Joakim Løvgren

From early on, history has been my passion. I spent many of my childhood days at the Medieval Centre in Nykøbing-Falster in Denmark, watching the knights and horses in awe. At the age of 16 I performed in my first joust and from that day I was hooked. I decided to dedicate my life to studying and researching the life of the medieval knights. I have since then participated in over 800 jousts in Denmark, Sweden, Norway, Germany, the Netherlands and Australia.

After five intense years I completed my master's degree at University of Southern Denmark, specialised in knightly culture. As part of my study I did a seven months internship at the Fürstliche Hofreitschule in Bückeburg, Germany, together with my young spanish stallion Absalon. This is were we learned the basics of historical dressage and mounted combat.

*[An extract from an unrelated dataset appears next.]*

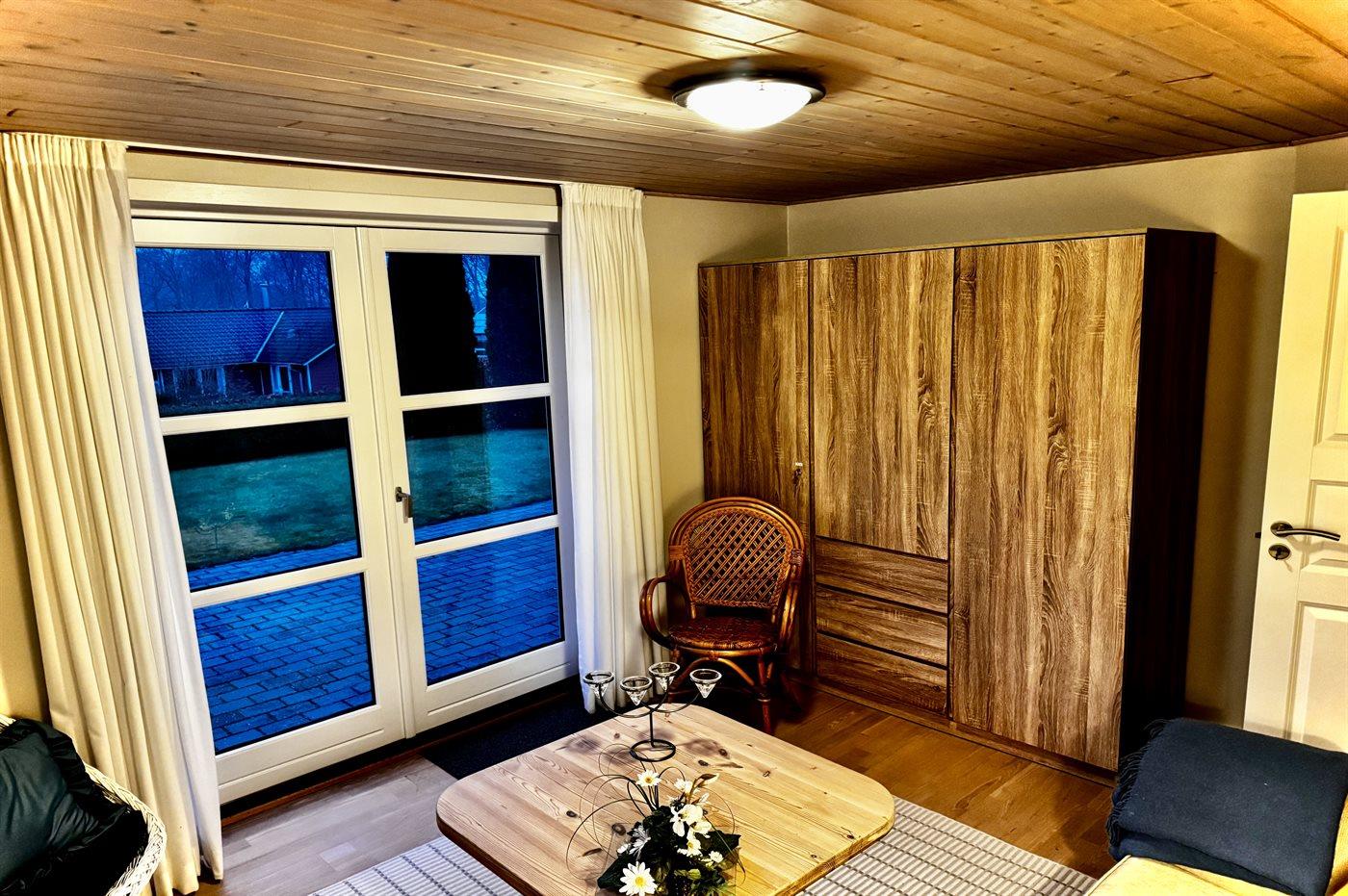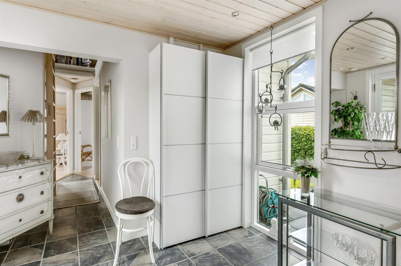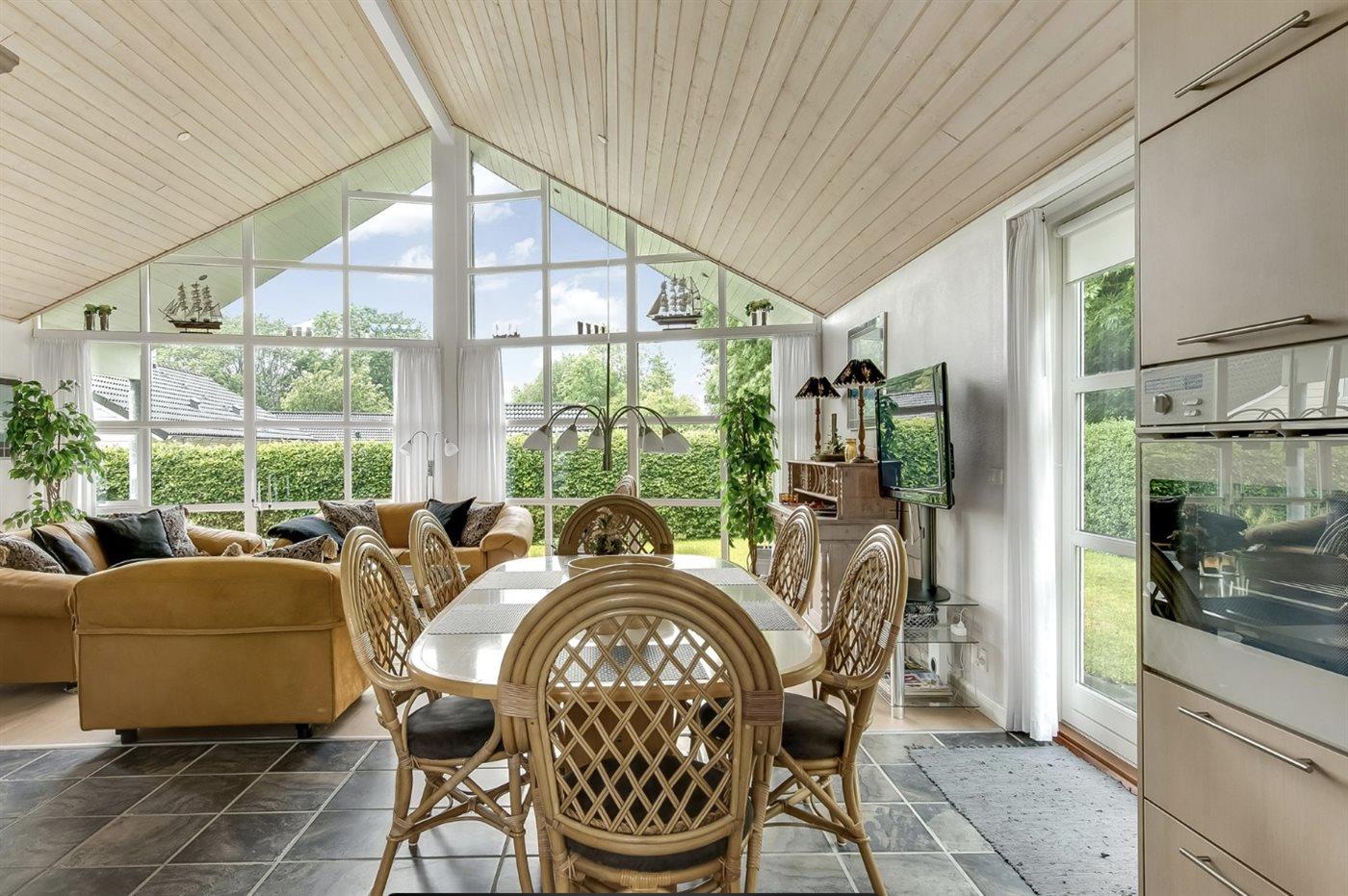 Det rummelige og meget hyggelige sommerhus har et køkken-alrum med et imponerende vinduesparti fra gulv til loft, hvor lyset strømmer ind og giver jer et skønt kig ud til haven. Det store opholdsrum danner den perfekte ramme om feriens indeliv, hvor I kan samles og nyde hinandens selskab. Her finder I et flot sofasæt i en frisk orange farve, som sammen med spisepladsen indbyder til mange hyggelige stunder med god mad, lange samtaler eller et spil ved køkkenbordet.

Over the years I have worked at many historical locations such as Christiansborg's Palace, Nyborg Castle, the Medieval Centre, Ribe Viking Center and most recently Varberg's Fortress. Since autumn 2018 I live on the west coast of Sweden.

My main interest is exploring how to train a horse to become as close to a medieval war horse as possible, whilst adapting to modern science. I draw a lot of inspiration from the Academic Art of Riding and have done a three month internship at Enggaarden with Michelle Wolf in 2010. The recent years I have visited Christofer Dahlgren regularly to get input on my work with Absalon.

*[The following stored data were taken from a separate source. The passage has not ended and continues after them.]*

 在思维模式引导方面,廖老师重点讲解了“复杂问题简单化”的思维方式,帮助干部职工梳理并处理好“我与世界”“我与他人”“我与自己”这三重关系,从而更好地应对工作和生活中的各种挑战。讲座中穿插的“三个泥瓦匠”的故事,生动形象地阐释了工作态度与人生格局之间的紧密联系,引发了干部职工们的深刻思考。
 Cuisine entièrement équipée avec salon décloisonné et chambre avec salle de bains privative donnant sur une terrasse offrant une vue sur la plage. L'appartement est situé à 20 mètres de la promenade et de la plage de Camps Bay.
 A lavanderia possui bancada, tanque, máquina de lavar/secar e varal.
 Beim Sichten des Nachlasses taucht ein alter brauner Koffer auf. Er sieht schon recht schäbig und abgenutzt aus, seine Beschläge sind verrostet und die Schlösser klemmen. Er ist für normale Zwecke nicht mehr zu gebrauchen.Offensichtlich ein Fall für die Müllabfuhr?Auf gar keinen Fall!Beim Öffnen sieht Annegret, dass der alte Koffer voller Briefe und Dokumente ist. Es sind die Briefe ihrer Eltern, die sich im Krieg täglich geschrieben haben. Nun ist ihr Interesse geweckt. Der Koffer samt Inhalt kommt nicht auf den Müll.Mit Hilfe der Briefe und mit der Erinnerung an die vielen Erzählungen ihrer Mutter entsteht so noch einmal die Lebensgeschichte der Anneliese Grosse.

Absalon is a spanish stallion born in 2008. He came to me as a yearling and we have learned everything together. I am very happy that he turned out to be exactly the horse I was dreaming about - a great jousting horse and a true friend.

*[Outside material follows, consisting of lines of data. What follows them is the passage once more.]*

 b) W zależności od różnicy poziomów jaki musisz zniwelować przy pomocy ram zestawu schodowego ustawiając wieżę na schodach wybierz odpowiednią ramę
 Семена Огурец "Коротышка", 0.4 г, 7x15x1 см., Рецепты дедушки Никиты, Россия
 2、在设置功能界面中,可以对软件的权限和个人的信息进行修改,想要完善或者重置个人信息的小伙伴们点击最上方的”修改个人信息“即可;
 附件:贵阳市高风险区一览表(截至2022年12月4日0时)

I have been practicing historical fencing since 2011 and have experience with longsword, sword and buckler, rapier and saber as well as mounted fencing, armed and unarmed.

My main focus when teaching, regardless if it's history in a class room or practical lessons in an arena, is to communicate my knowledge in a simple, pedagogical way. I feel the responsibility as a teacher to pass the information to the student in a way in which he/she can learn.